For historical reasons, and as a guide for any developers who would like add new samplers, below is a running list of samplers which have been _considered_ for addition to `asartes` but ultimately not added for various reasons.
#### Not Implemented Sampling Algorithms
| Sampler Name | Reasoning | Relevant Link(s) |
|:---:|---|---|
| D-Optimal | Requires _a-priori_ knowledge of the test and train size which does not fit in the `astartes` framework (samplers are all agnostic to the size of the sets) and it is questionable if the use of the Fischer information matrix is actually meaningful in the context of sampling existing data rather than tuning for ideal data. | The [Wikipedia article for optimal design](https://en.wikipedia.org/wiki/Optimal_design#:~:text=Of%20course%2C%20fixing%20the%20number%20of%20experimental%20runs%20a%20priori%20would%20be%20impractical.) does a good job explaining why this is difficult, and points at some potential alternatives. |
| Duplex | Requires knowing test and train size before execution, and can only partition data into two sets which would make it incompatible with `train_val_test_split`. | This [implementation in R](https://search.r-project.org/CRAN/refmans/prospectr/html/duplex.html#:~:text=The%20DUPLEX%20algorithm%20is%20similar,that%20are%20the%20farthest%20apart.) includes helpful references and a reference implementation. |
### Adding New Featurization Schemes
All of the sampling methods implemented in `astartes` accept arbitrary arrays of numbers and return the sampled groups (with the exception of `Scaffold.py`). If you have an existing featurization scheme (i.e. take an arbitrary input and turn it into an array of numbers), we would be thrilled to include it in `astartes`.

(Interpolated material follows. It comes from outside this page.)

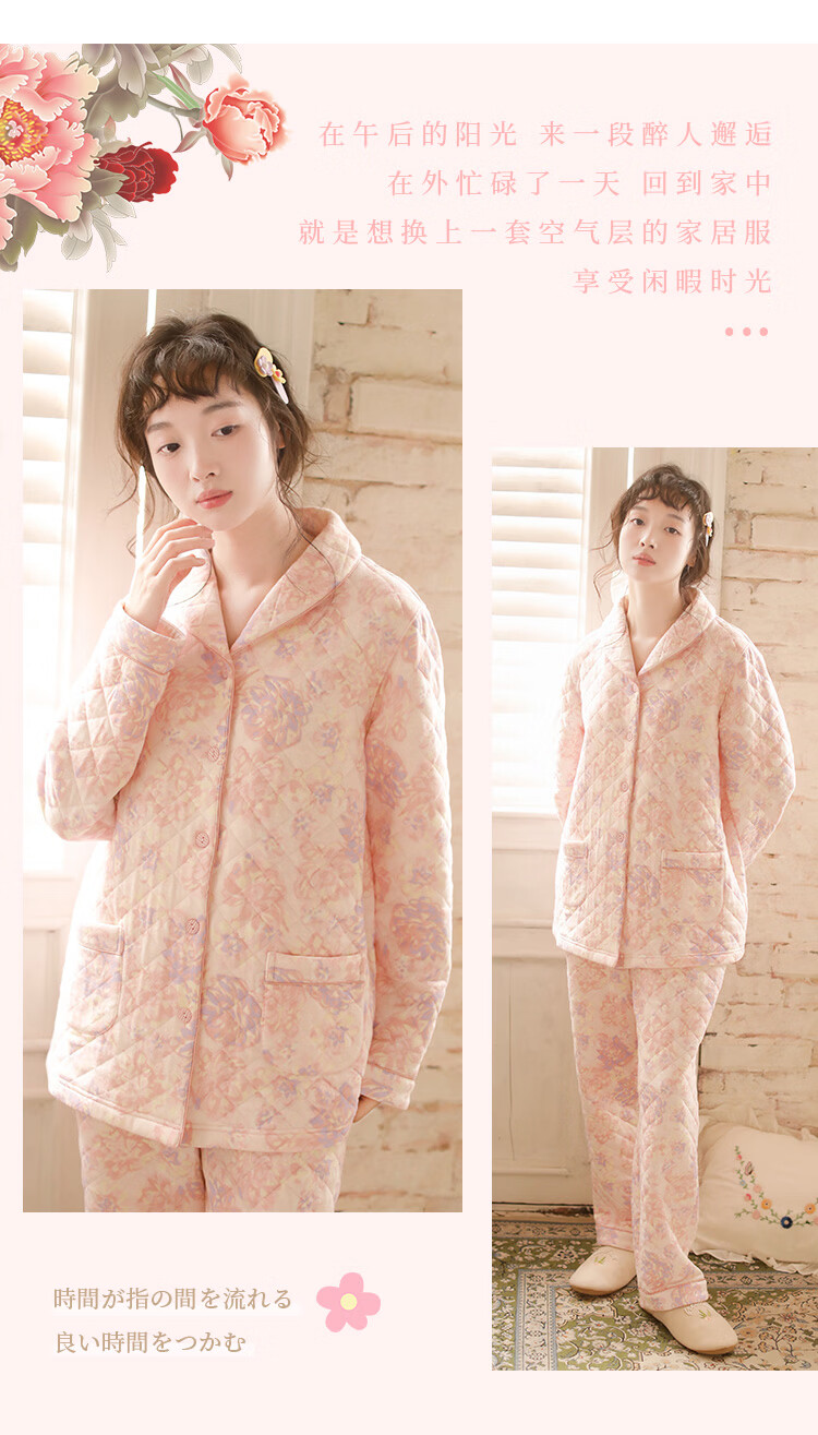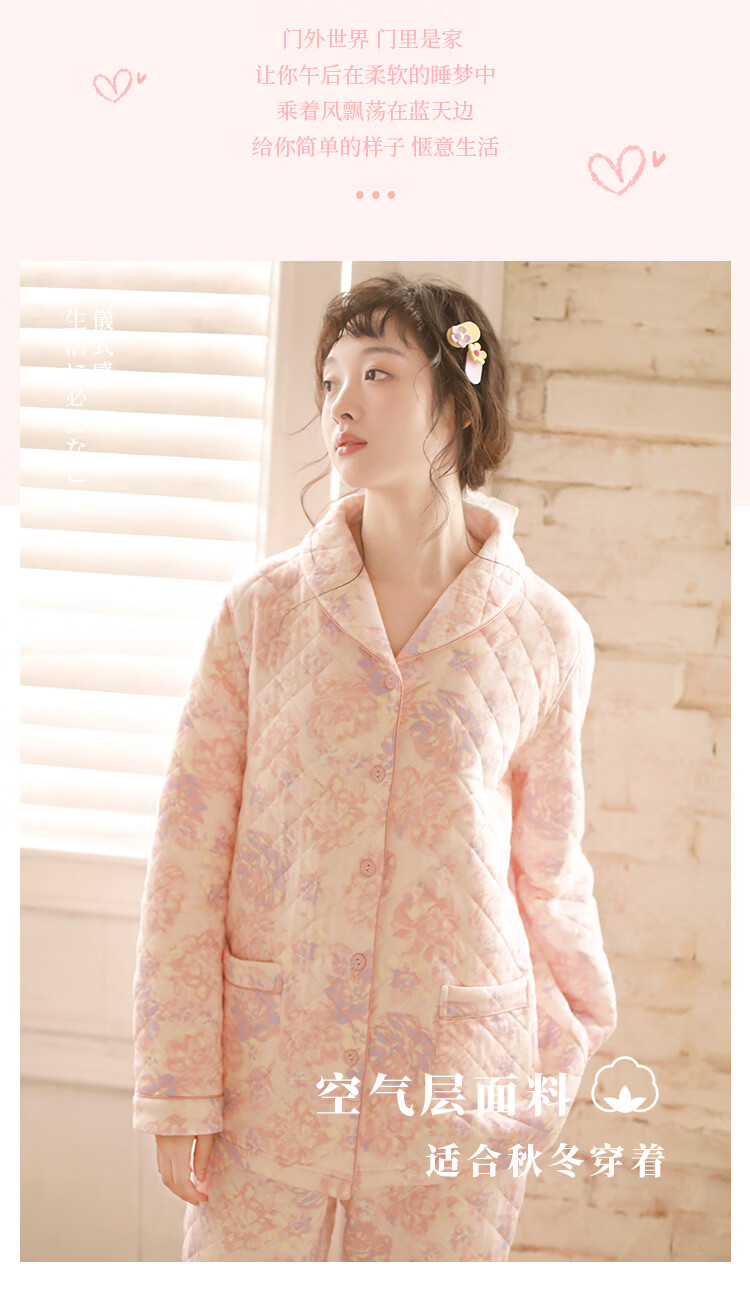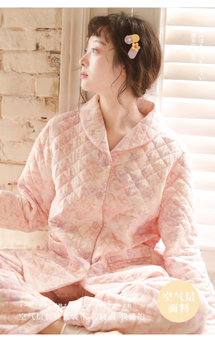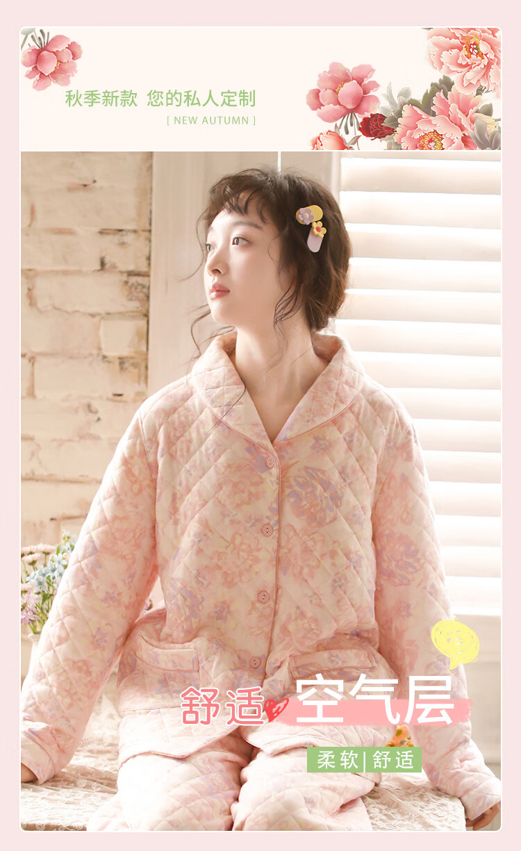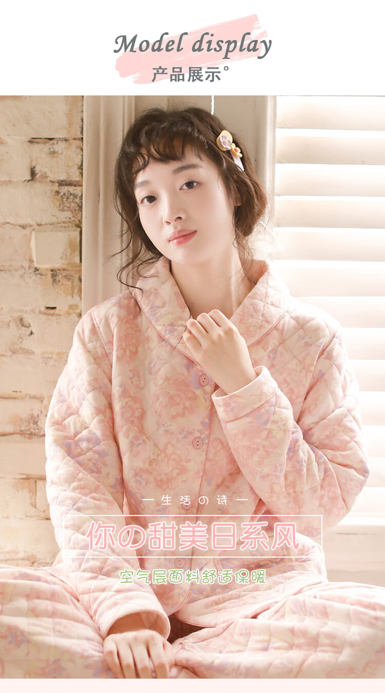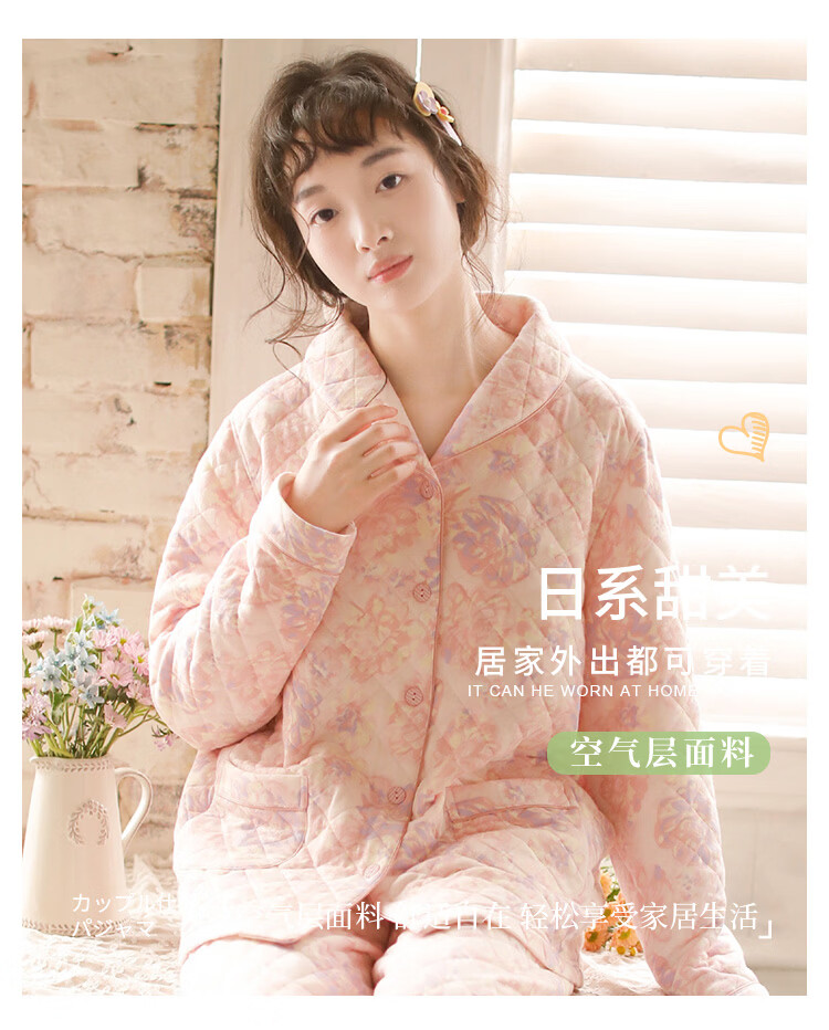 蔓秋 MEJU《海棠》女士开襟加厚空气层空气棉长袖长裤家居服套装 粉色 S 95斤以内
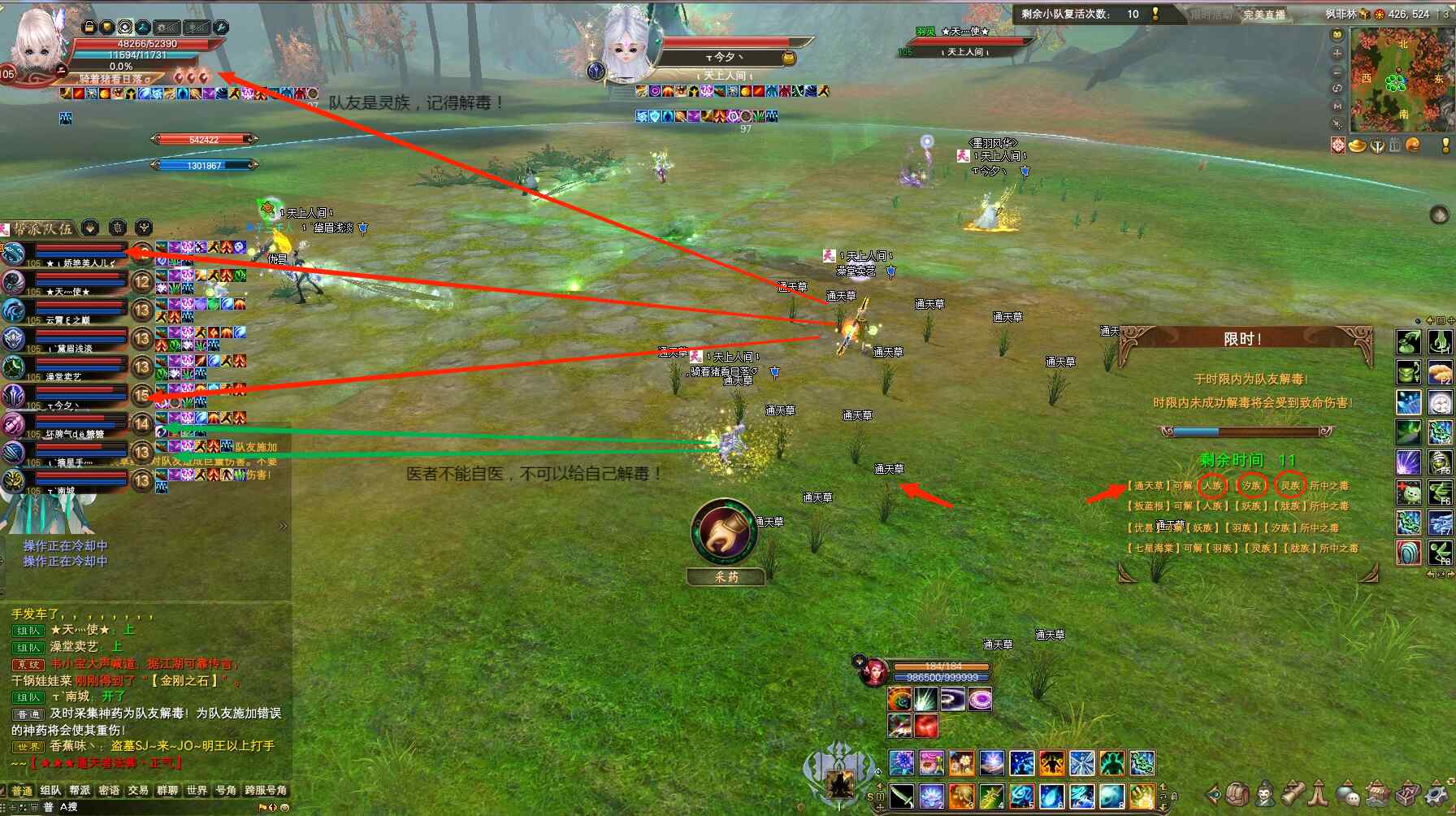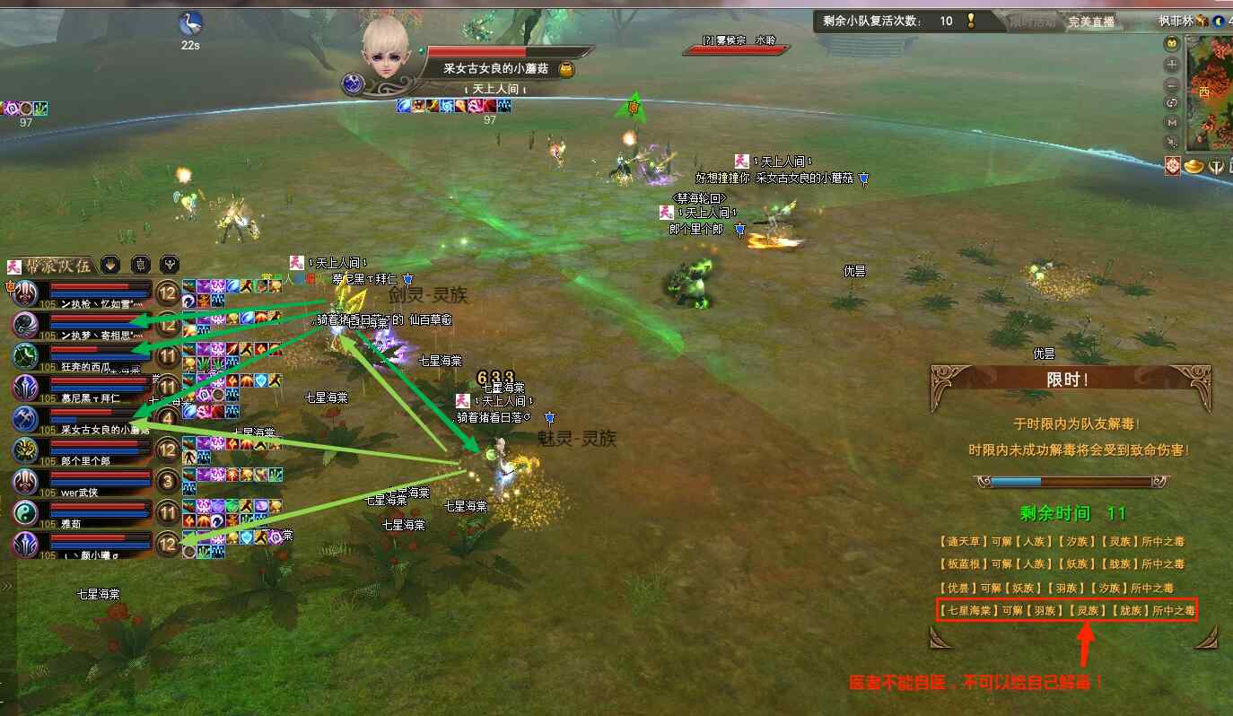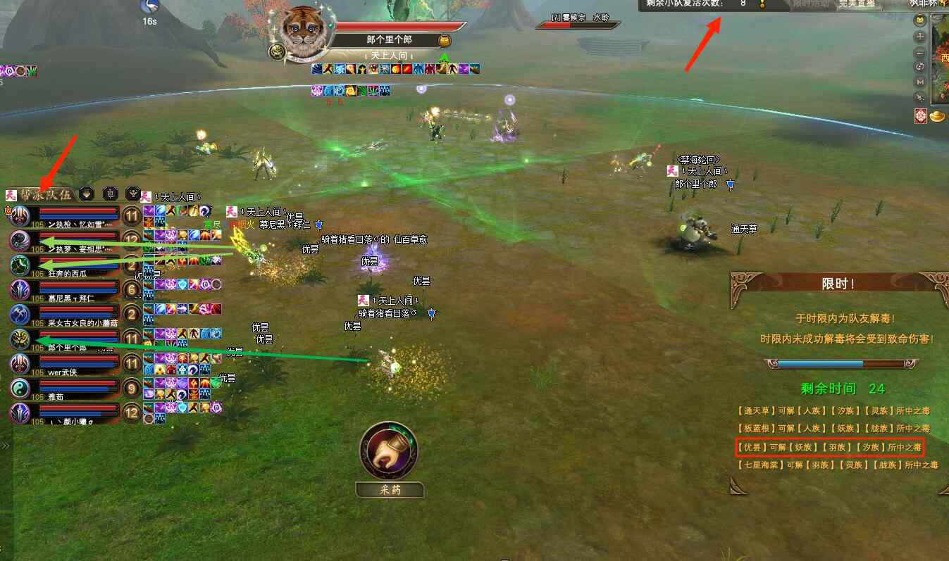 2.草藥解毒機(jī)制:共計(jì)四次限時(shí)草藥解毒機(jī)制,草藥分別是通天草、板藍(lán)根、優(yōu)曇、七星海棠,四種草藥同時(shí)隨機(jī)區(qū)域出現(xiàn),需兩種正確草藥才可以解除隊(duì)友中毒狀態(tài),其中羽靈---虔誠、魅靈---自然屏障、刺客---如來天心咒、武俠---金剛、妖獸---不滅戰(zhàn)魂、法師---銀石太虛逆流決等可以免去一次不用解毒但需要技能冷卻、記得倒計(jì)時(shí)5秒提前開免死技能。下圖解毒按草藥舉例:

Adding a new interface should take on this format:
```python
from astartes import train_test_split
def train_test_split_INTERFACE(
INTERFACE_input,
INTERFACE_ARGS,
y: np.array = None,
labels: np.array = None,
test_size: float = 0.25,
train_size: float = 0.75,
splitter: str = 'random',
hopts: dict = {},
INTERFACE_hopts: dict = {},
):
# turn the INTERFACE_input into an input X
# based on INTERFACE ARGS where INTERFACE_hopts
# specifies additional behavior
X = []
# call train test split with this input
return train_test_split(
X,
y=y,
labels=labels,
test_size=test_size,
train_size=train_size,
splitter=splitter,
hopts=hopts,
)
```
If possible, we would like to also add an example Jupyter Notebook with any new interface to demonstrate to new users how it functions. See our other examples in the `examples` directory.
Contact [@JacksonBurns](https://github.com/JacksonBurns) if you need assistance adding an existing workflow to `astartes`. If this featurization scheme requires additional dependencies to function, we may add it as an additional _extra_ package in the same way that `molecules` in installed.
## JOSS Branch
`astartes` corresponding JOSS paper is stored in this repository on a separate branch. You can find `paper.md` on the aptly named `joss-paper` branch.
_Note for Maintainers_: To push changes from the `main` branch into the `joss-paper` branch, run the `Update JOSS Branch` workflow.